Selain itu, dengan isu perubahan iklim sebagai tantangan terbesar generasi ini, Scholz mengumumkan bahwa Jerman dan negara-negara industri lainnya kini memiliki tanggung jawab khusus untuk mengatasi masalah itu dan perlu berdiri bersama negara-negara berkembang yang harus menghadapi akibat dari perubahan iklim tersebut.

“Kami tidak akan meninggalkan negara-negara yang paling berjuang dalam menghadapi kerugian dan kerusakan akibat perubahan iklim ini,” Scholz meyakinkan.

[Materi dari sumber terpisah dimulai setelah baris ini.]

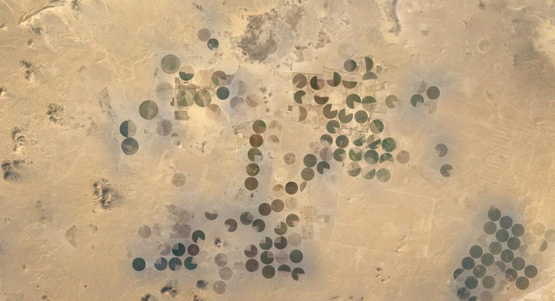 circular irrigation 이라고 원형 관개 방식입니다. |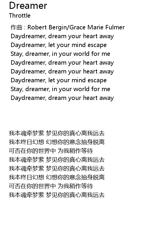 | [00:15.336] | Stay, dreamer, in your world for me |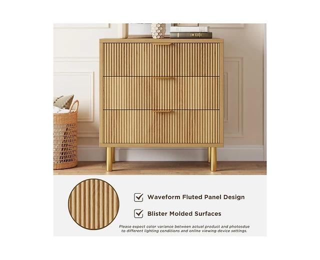3 Drawer Dresser for Bedroom, 30” Tall Dresser Organizer with Metal Legs, Modern Wood Chest of Drawers for Bedroom, Hallway, Home Office

Kanselir Jerman itu juga mengumumkan akan adanya perisai global terhadap risiko iklim tersebut, tetapi tidak memberikan rincian tentang apa yang akan terjadi selanjutnya.

Sekjen PBB mengingatkan para pemimpin dunia bahwa krisis iklim juga perlu mendapat perhatian, dan mengatakan bahwa “pencemar harus membayar harganya.”

Dia mendesak negara-negara kaya untuk mengenakan pajak keuntungan tak terduga dari perusahaan bahan bakar fosil dan menggunakan uang itu untuk membantu negara-negara yang dirugikan oleh krisis iklim dan orang-orang yang sedang berjuang di tengah kenaikan harga pangan dan energi.

“Industri bahan bakar fosil menikmati ratusan miliar dolar dalam bentuk subsidi dan keuntungan tak terduga sementara anggaran rumah tangga menyusut dan planet kita semakin memanas,” kata Guterres.

Sekjen PBB kemudian menjabarkan kemana uang itu harus dibelanjakan.

“Dana itu harus dialihkan dalam dua hal: ke negara-negara yang menderita kerugian dan kerusakan besar akibat krisis iklim; dan ke orang-orang yang sedang berjuang dengan kenaikan harga pangan dan energi.”